- Title: INDIA: Chinese Foreign Minister inaugurates memorial for Chinese monk in India.
- Date: 13th February 2007
- Summary: (W1) NALANDA (FEBRUARY 12, 2007) (ANI-ACCESS ALL) EXTERIOR OF THE MEMORIAL HALL BOARD READING XUAN ZANG MEMORIAL HALL STATUE OF XUAN ZANG, ANCIENT CHINESE TRAVELLER HUGE BELL
- Embargoed: 28th February 2007 12:14
- Location: India
- Country: India
- Topics: International Relations,Religion
- Reuters ID: LVA38ZFX30YCH3YU5G2JFORSUQB8
- Aspect Ratio: 4:3
- Story Text: Chinese foreign minister Li Zhaoxing inaugurates a memorial dedicated to a 7th century Chinese monk in on his four-day visit to India. Chinese Foreign Minister Li Zhaoxing inaugurated a memorial hall dedicated to Xuan Zang, ancient Chinese traveler, at Nalanda in eastern Bihar state, on Monday (February 12).
Xuan Zang, travelled to India in the seventh century AD. He stayed in India for 13 years, including five years in Nalanda and is credited for having laid the foundation of Buddhism in China.
Zhaoxing, who is on his four-day trip to India, said the memorial stood as a symbol of Sino-Indian friendship.
"China and India are both ancient civilisations. Over the centuries China and India have together written a splendid chapter in the annals of human civilization. This Xuan Zang memorial hall first started in the 1950's was started by the late premier of China, Zhou Enlai and India's very first Prime Minister Nehru. It stands now as symbol of China-India friendship," Zhaoxing said.
Indian tourism minister Ambika Soni and chief of Bihar state Nitish Kumar were also present on the occasion.
Zhaoxing is expected to meet his Indian counter Pranab Mukherjee to hold bilateral talks on Tuesday (February 13). The two will kick off "India-China friendship through tourism year" later in the week.
India and china have been long involved in border talks aimed at resolving a Long-running Himalayan Frontier dispute at the centre of lingering mistrust between the two Asian giants.

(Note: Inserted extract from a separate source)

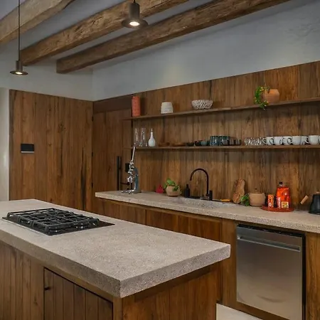 A acomodação de Tulum dispõe de cozinha totalmente equipada com chaleira elétrica, refrigerador e forno. - ❓

The two countries have been pushing economic ties despite their border dispute. A visit by Chinese President Hu Jintao to India in November focused on boosting two-way trade, expected to double to $40 billion by 2010.
But both sides have made little progress in overcoming deep differences over their 3,500 km (2,200 mile) frontier, despite several rounds of talks over the past decade.
India remains suspicious of rival neighbour Pakistan's close strategic ties with Beijing, and disputes Chinese rule over 38,000 square km (15,000 square miles) of barren, icy and uninhabited land on the Tibetan plateau, seized by China in 1962.
For its part, China does not recognise the remote, sparsely populated state of Arunachal Pradesh as part of India and claims its mountainous district of Tawang once belonged to Tibet.